Exercise goal:
Repeat the full listing below verbatim and keep the images out.

Supplied material:
- - - -
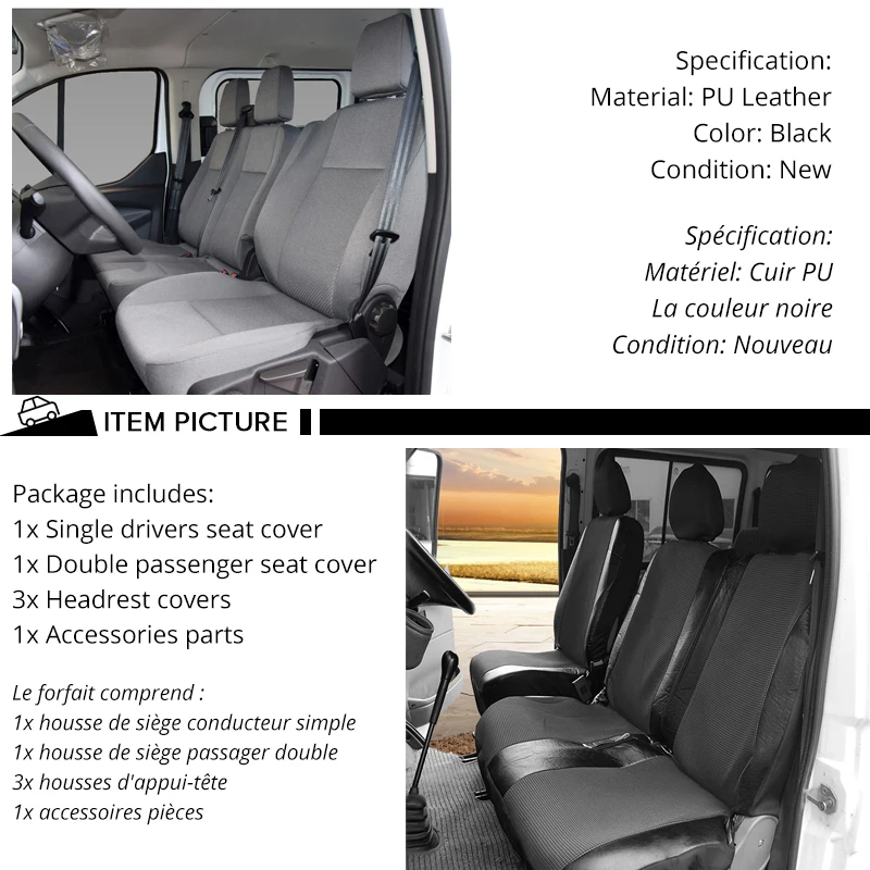 Название продукта: 2 + 1 Чехлы для автомобильных сиденийМатериал: полиэстер + искусственная кожаЦвет: красный/синий/серыйСпециальные Особенности: Защитите свое автокреслоПрименимые модели: для Jumpy; Fiat Ducato, Scudo; Transit Custom; Iveco Ежедневно; Mercedes Sprinter, Vito; Primavstar; Opel Movano, Vivaro; Peugeot Boxer, Expert; Renault Master, Trafic; toyota Hiace; VW LT, T4, T5 и т. Д.
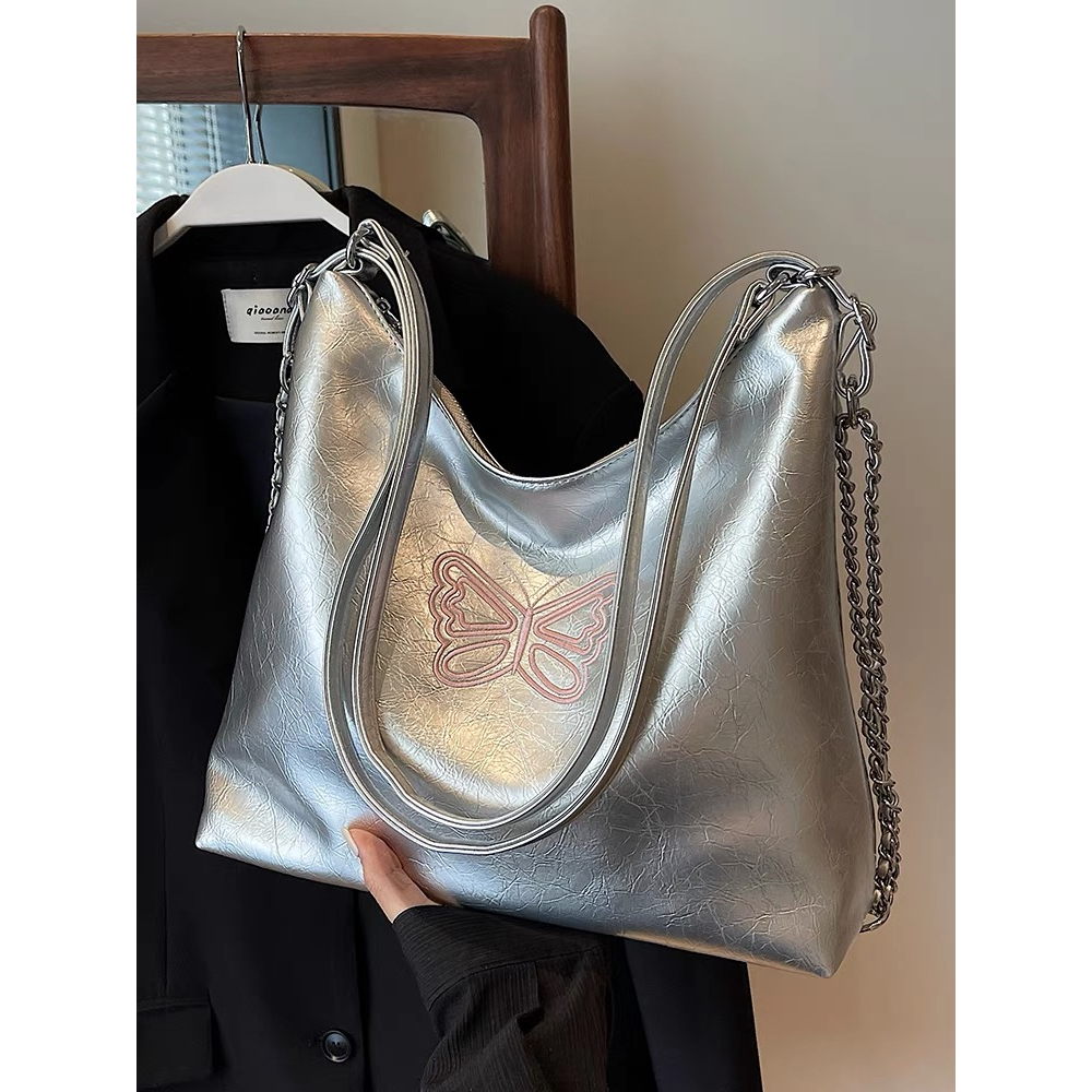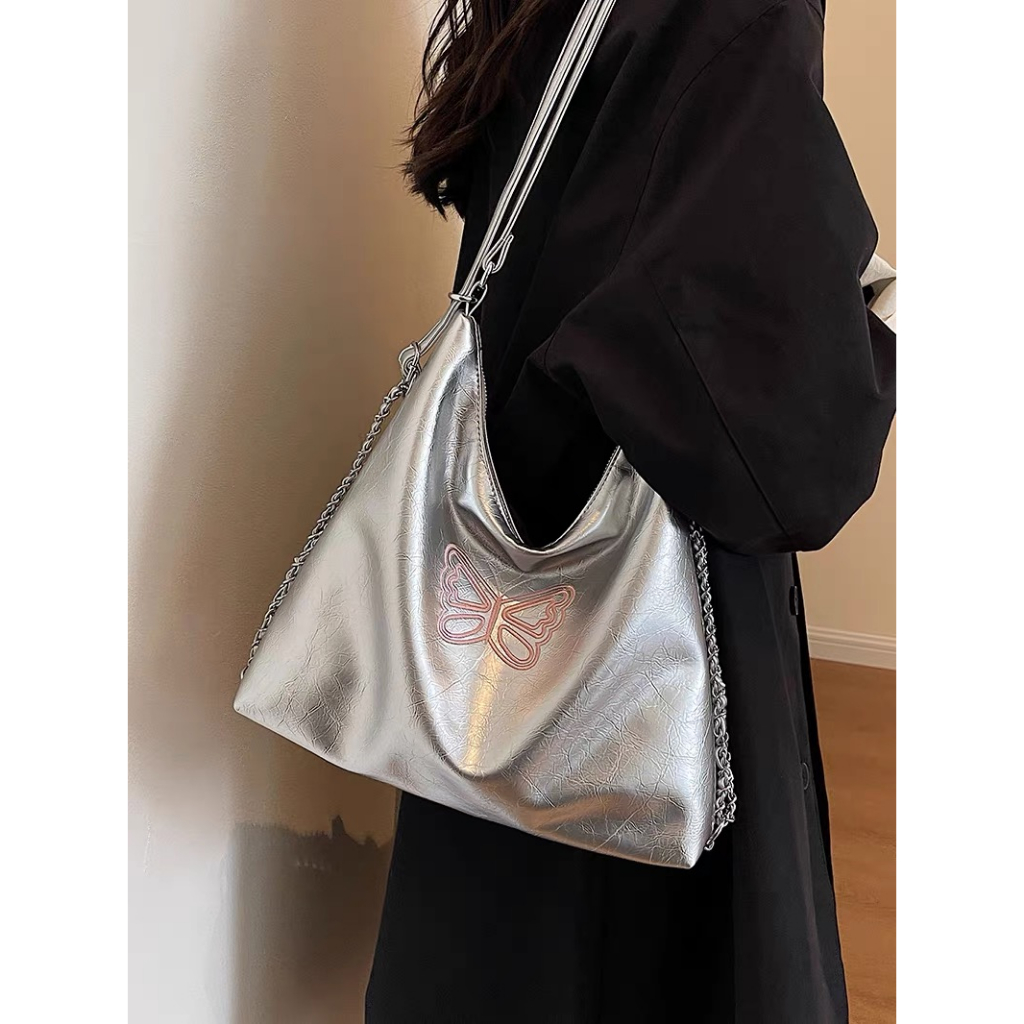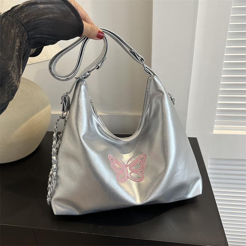 Ransel Wanita Kapasitas Besar Permukaan Lembut Kasual Ransel Gaya Baru Tas Ember Bahu Serbaguna Kupu-kupu Bordir Modis
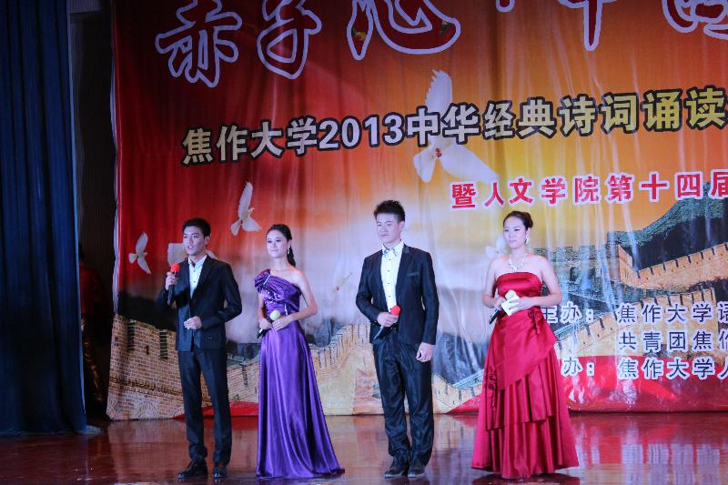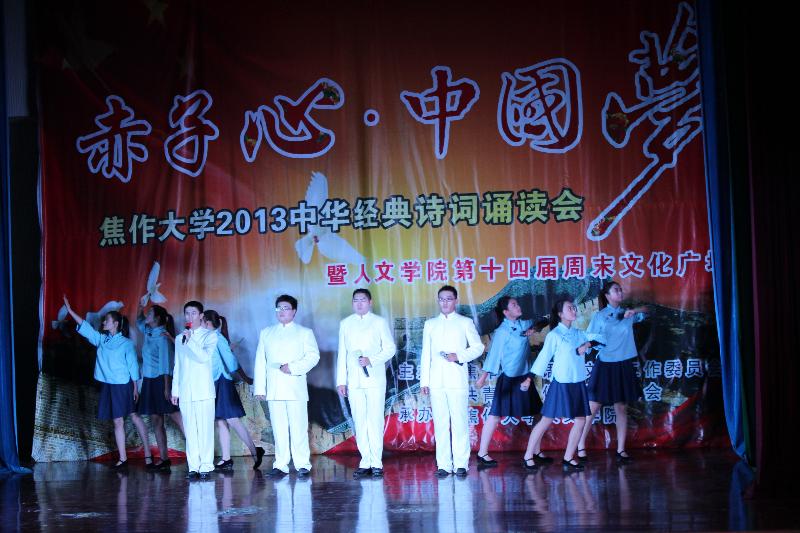 2013年10月28日下午,“焦作大學2013中華經典誦讀大會暨人文學院第十四屆周末文化廣場”在焦作大學南校區報告廳成功舉辦。
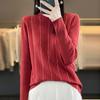 Roupas Femininas 2025 Moda Outono Suéter de Lã Versátil Casual Gola Média Cor Sólida Tricô
- - - -
Answer section:
 Название продукта: 2 + 1 Чехлы для автомобильных сиденийМатериал: полиэстер + искусственная кожаЦвет: красный/синий/серыйСпециальные Особенности: Защитите свое автокреслоПрименимые модели: для Jumpy; Fiat Ducato, Scudo; Transit Custom; Iveco Ежедневно; Mercedes Sprinter, Vito; Primavstar; Opel Movano, Vivaro; Peugeot Boxer, Expert; Renault Master, Trafic; toyota Hiace; VW LT, T4, T5 и т. Д.
 Ransel Wanita Kapasitas Besar Permukaan Lembut Kasual Ransel Gaya Baru Tas Ember Bahu Serbaguna Kupu-kupu Bordir Modis
 2013年10月28日下午,“焦作大學2013中華經典誦讀大會暨人文學院第十四屆周末文化廣場”在焦作大學南校區報告廳成功舉辦。
 Roupas Femininas 2025 Moda Outono Suéter de Lã Versátil Casual Gola Média Cor Sólida Tricô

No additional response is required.